# Information provided:
>>>>>

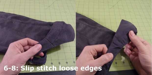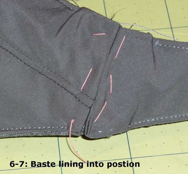 Cuidadosamente meta debajo y plegar la tela del forro. Mano Hilvanar en su lugar como en la figura 6-7.
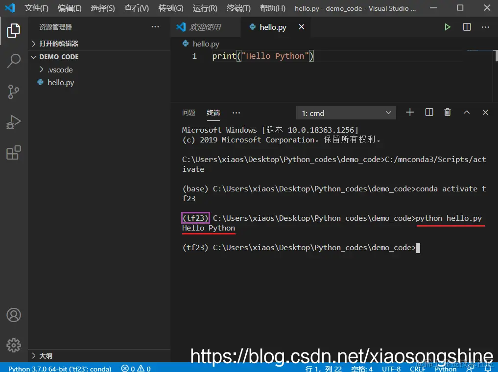 随后我们可以新建一个新建一个 Python 环境,命名(-n)为“tf23”,指定Python版本为3.7(python==3.7):
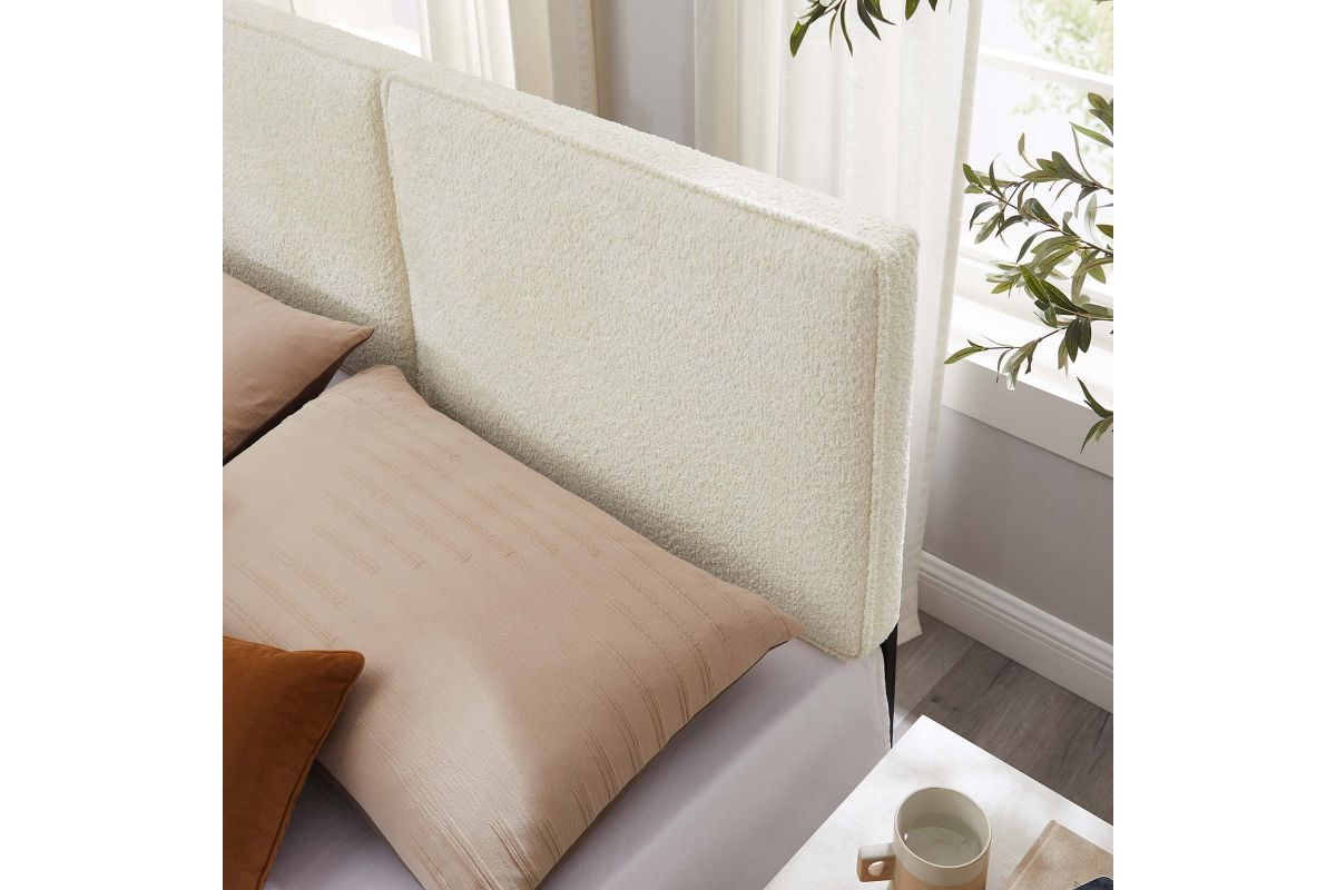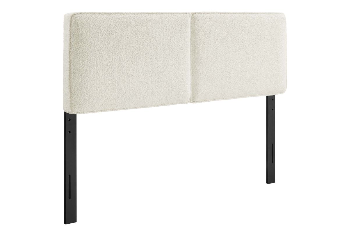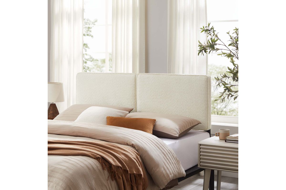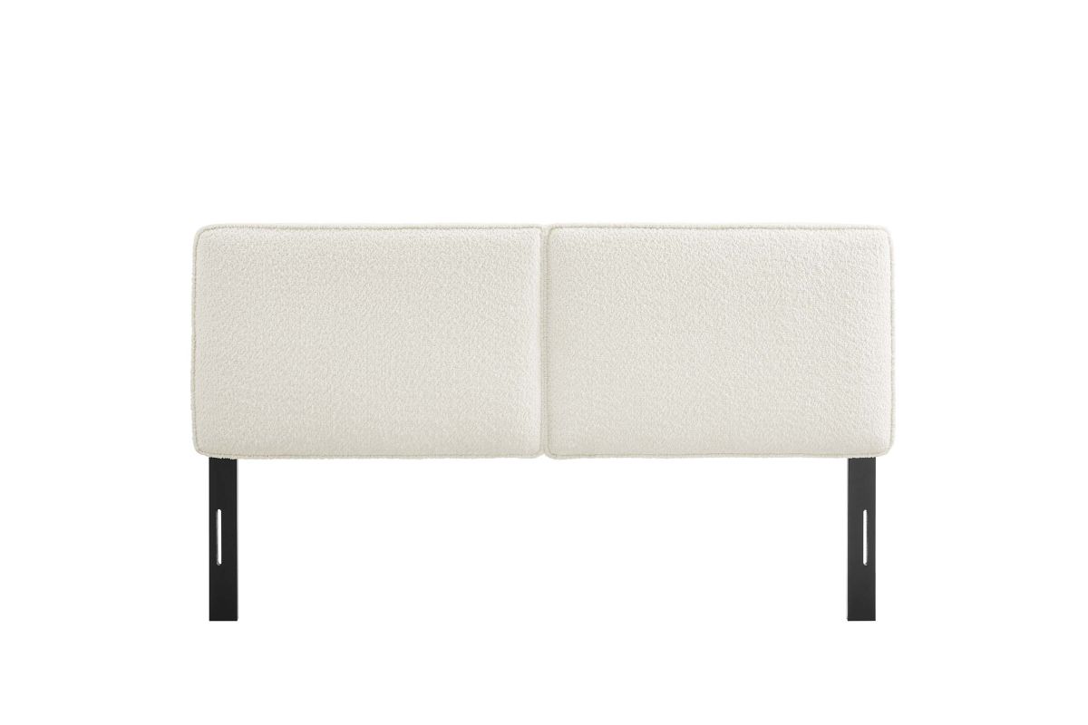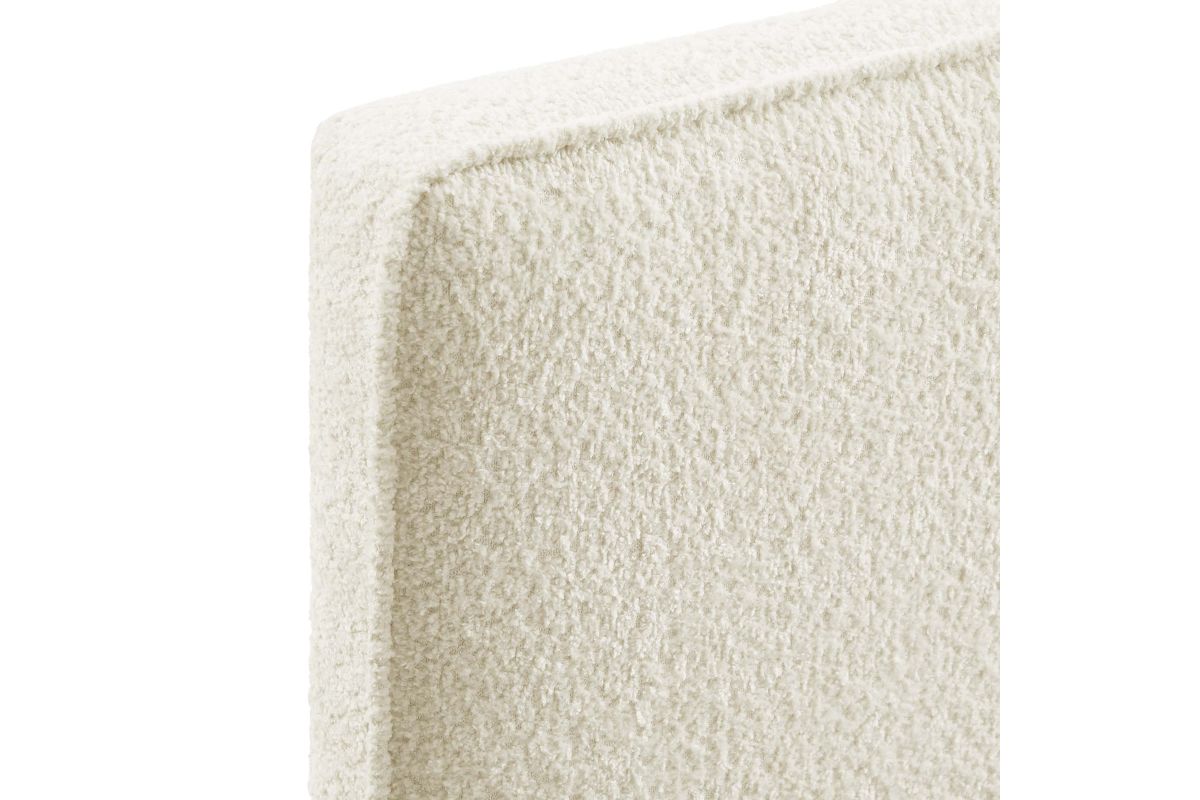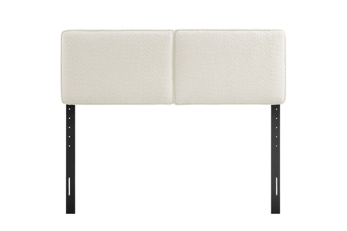 Embrace elegance and comfort in a guest bedroom, teenager's bedroom, or college dorm room with the Lindee Full Headboard, a statement piece that merges plush comfort with sophisticated design. This full size fabric headboard is upholstered in textured boucle fabric that offers a tactile charm, and features French piping trim that outlines the dual panels. The dense foam padding and pillow-style design grants a soft, cushioned backdrop for nightly reading or relaxing in bed. Supported by solid wood legs and equipped with seven mounting positions, this full upholstered headboard provides both durability and versatility to fit various bed frames. The Lindee full size headboard is a transformative bedroom upgrade that combines form and function with an upholstered boucle headboard appeal, making it a quintessential element for any restful sanctuary. Assembly required.

<<<<<

# Exercise instructions:
Give back the whole listing exactly as it stands. Drop every picture.

# Result below:
 Cuidadosamente meta debajo y plegar la tela del forro. Mano Hilvanar en su lugar como en la figura 6-7.
 随后我们可以新建一个新建一个 Python 环境,命名(-n)为“tf23”,指定Python版本为3.7(python==3.7):
 Embrace elegance and comfort in a guest bedroom, teenager's bedroom, or college dorm room with the Lindee Full Headboard, a statement piece that merges plush comfort with sophisticated design. This full size fabric headboard is upholstered in textured boucle fabric that offers a tactile charm, and features French piping trim that outlines the dual panels. The dense foam padding and pillow-style design grants a soft, cushioned backdrop for nightly reading or relaxing in bed. Supported by solid wood legs and equipped with seven mounting positions, this full upholstered headboard provides both durability and versatility to fit various bed frames. The Lindee full size headboard is a transformative bedroom upgrade that combines form and function with an upholstered boucle headboard appeal, making it a quintessential element for any restful sanctuary. Assembly required.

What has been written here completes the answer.